I read year round but summer is when I give myself huge chunks of time on a dock or a beach or by the pool to do what I love most: lose myself in a story. Some people think “summer reads” should be light and fun, like the season. My favorite summer reads are dense, thrilling and long.

“Rules of Civility,” by Amor Towles. A slight but nicely written coming-of-age story set in 1938 New York. Katey Kontent (I’m not kidding) is an orphan. She lives at a boarding house and works as a secretary. Glamorous Eve Ross befriends her. When the two girls meet the cute, rich Tinker Grey all three lives change forever. Scenes of 1930s New York and its wealthy playgrounds are beautifully described; reading this, you are there. My gripe: this story lacks drama. It’s “The Devil Wears Prada” without Meryl Streep. It’s “The Great Gatsby” without a love story.

“Sometimes a Great Notion,” by Ken Kesey. Drama, and then some! Kesey’s 1964 epic is 715 pages of American literature at its best, and most heightened. Think Whitman, Ginsberg, Hemingway, Fitzgerald and Jim Harrison telling this story, of a town, a business, an industry, a strike and the undoing of an American family. It’s so rich I had to put it down for a day. Will they get the logs down river in time? Will Lee seduce his brother’s wife? I was often surprised and tremendously moved by this magnificently told story. And, its ending is perfect.

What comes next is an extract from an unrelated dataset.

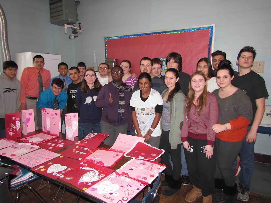 Members of Sanford H. Calhoun High School’s Breakfast Club, with the help of students in the school’s Prep for Life program, recently took time out of their day to make Valentine’s Day cards for veterans.
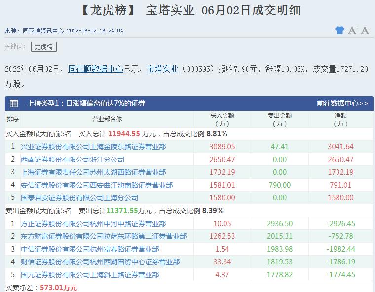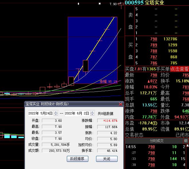6月2日,寶塔實(shí)業(yè)再度漲停,截至收盤(pán),報(bào)7.9元,實(shí)現(xiàn)8連板,期間累計(jì)漲達(dá)114.67%,最新總市值達(dá)89.95億元。

“Crooked Letter, Crooked Letter,” by Tom Franklin. A great title (it’s how children in Mississippi are taught to spell their state) for a ho-hum story. A teenage girls goes missing from a small town. A middle-age man whose date disappeared years earlier is the suspect. But someone has shot him; until he comes to, we can’t know. Where do we go from here? Backwards, to the man’s childhood and troubled friendship with a black boy who is now the town’s constable. Also the more recent past, when this tremendously lonely man is befriended by a sociopath. A noisy, predictable read.